I have taken a hard look at the recent data, analyzed the predominant trends and can state with an elevated level of confidence that the market and economic gyrations resulting from the policies initiated by the Donald Trump administration will extend at least into the next few months. And there is a rising possibility the commotion will persist much longer than that.
That does not feel like a particularly difficult forecast to make at this time, but it is the best I can do. What happens over the next few quarters will likely be highly disruptive, but it will not be random or chaotic. Events will follow a deterministic path, meaning the trends in the economic and market data will unfold in a manner determined by preceding events.
But that does not mean these trends are predictable. There are too many variables. Some are ones we can anticipate but not measure — the known unknowns. And there are likely to be others we have not even thought about — the unknown unknowns.
That's why, for the past three months, I have been even more vigilantly focused on the economic data than usual — not because I think I will be able to better assess near-term trends by looking in the rearview mirror. That is my usual modus operandi, but that approach simply will not work in the present volatile conditions. I have to adapt.
Therefore, I am hyperfocused these days because at some point in the not-too-distant future, I expect to learn something — perhaps something profound — about the American economy. From my perspective, this is a giant economic experiment. It may be expensive. It may even be painful.
But my objective is to come out on the other side smarter and wiser than I am now. I did not ask for this experience, but I am getting it, and I want to make sure I do not miss the lesson by deluding myself into thinking I knew all along what was going to happen.
One possible outcome of the recent tariff policy — whatever that policy actually turns out to be — is an increase in the rate of inflation. The potential connection between inflation and tariffs has been widely analyzed and reported. Because of this potential connection, I want to make sure I have a good understanding of what the data on inflation was doing before tariffs started to affect it.
According to the latest report from the Bureau of Labor Statistics, the Consumer Price Index for March decreased by 0.1 percent after seasonal adjustment. The 12-month rate of inflation fell to 2.4 percent in March, down substantially from 2.8 percent in February. These figures are better than expected, and if the goal of the Fed is to get the long-term rate closer to 2 percent, then declines of a tenth of a percent per month will get them there quickly.
A 6.3 percent drop in the price of gasoline was a major factor pushing the overall figure down in March. The price of shelter — one of the categories pushing prices higher recently — advanced just 0.2 percent last month.
Tariffs are widely expected to have a significant impact on the auto industry, but in March, new vehicle costs rose by a modest 0.1 percent. Used car prices dropped 0.7 percent. Food prices saw another strong rise in the cost of eggs, which climbed 0.4 percent and put upward pressure on the overall figure.
My reading of the graph is that the overall trend in the rate of inflation in the first quarter of 2025 was downward — getting gratifyingly close to the target rate near 2 percent.

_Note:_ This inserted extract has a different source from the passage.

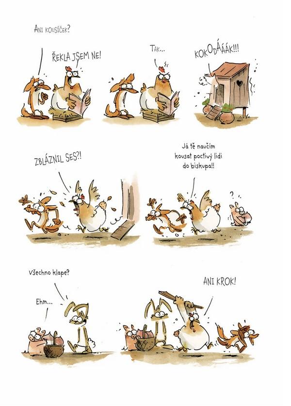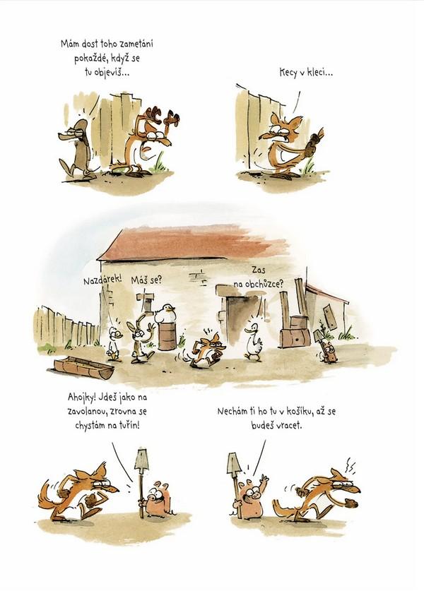 Naštěstí je tu jeho samozvaný mentor vlk. Frustrovaný a hladový lišák, přežívající jen na tuřínové dietě, se nechá přemluvit ke geniálnímu plánu, jak slepice přelstít – ukrást jim vejce, vysedět je a vykrmená kuřátka si dát k obědu. Jenže to, co v teorii zní jednoduše, se v praxi ukáže jako velká komplikace a v komiksu Benjamina Rennera také jako nesmírně vtipné dobrodružství!

Without the uncertainty caused by the tariff policy, this trend would indicate the Fed could resume lowering interest rates in the coming months.
More economic data from March and the first quarter will continue to arrive in the coming days. Aside from daily financial market reports, we will not receive the usual economic indicators for April for several weeks.

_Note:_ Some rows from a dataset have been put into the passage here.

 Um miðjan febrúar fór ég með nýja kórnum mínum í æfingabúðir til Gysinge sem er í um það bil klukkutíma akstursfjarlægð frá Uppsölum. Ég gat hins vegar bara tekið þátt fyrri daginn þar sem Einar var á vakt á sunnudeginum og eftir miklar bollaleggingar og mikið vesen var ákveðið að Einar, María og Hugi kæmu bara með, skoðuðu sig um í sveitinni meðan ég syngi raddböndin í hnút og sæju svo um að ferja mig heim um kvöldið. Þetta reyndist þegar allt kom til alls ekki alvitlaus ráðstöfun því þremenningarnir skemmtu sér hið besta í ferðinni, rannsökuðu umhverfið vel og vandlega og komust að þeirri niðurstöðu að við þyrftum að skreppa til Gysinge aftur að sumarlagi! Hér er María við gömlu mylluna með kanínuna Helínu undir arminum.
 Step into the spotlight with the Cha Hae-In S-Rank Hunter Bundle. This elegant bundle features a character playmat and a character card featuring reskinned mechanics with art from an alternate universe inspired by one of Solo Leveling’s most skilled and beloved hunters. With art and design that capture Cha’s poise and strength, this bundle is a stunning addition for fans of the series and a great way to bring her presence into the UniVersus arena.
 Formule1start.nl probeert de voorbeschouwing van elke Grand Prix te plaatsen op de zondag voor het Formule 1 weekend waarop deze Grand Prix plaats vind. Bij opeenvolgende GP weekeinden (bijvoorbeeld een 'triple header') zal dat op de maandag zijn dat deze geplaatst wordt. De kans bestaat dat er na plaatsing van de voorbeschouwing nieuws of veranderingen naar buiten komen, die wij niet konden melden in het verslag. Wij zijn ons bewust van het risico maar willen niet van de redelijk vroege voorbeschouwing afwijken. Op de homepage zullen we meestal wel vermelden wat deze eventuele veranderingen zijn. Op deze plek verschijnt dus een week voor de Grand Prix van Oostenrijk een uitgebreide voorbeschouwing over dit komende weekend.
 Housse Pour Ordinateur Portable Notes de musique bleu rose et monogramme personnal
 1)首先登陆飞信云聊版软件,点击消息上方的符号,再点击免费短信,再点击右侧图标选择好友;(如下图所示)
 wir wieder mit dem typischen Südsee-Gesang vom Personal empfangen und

This is not really time to hammer out meaningful trade deals with countries willing to negotiate, nor is it time for the effects of tariffs at any level with any country to fully appear in the prices consumers pay. The situation with China is still a wild card. And I cannot ignore the possibility that all of this might go away overnight.
But regardless of what happens next month — or in the next 90 days — I do not expect a return to business as usual. Many policies from the Trump administration have only recently been enacted, and more are under consideration. On top of this, major policy responses from other large global economies are likely.
And what about Congress? Will it begin generating fiscal policies that affect how Americans allocate their resources?
The president, Congress and China — any one of these could cause significant disruption to the U.S. economy. In other words, I believe the "period of transition" is far from over. It's likely some of this disruption will benefit sectors of the U.S. economy, including segments of the plastics industry.
But some segments will likely suffer. One area I'm watching, which hasn't been covered much recently, is the U.S. housing market. Will tariffs, interest rates or other policy directives be a factor? We'll find out as we head into the spring and summer months.
The long-term net effect of an ultradominant executive branch is still to be determined. I'm determined to keep my eyes — and my mind — open to all effects, both good and bad.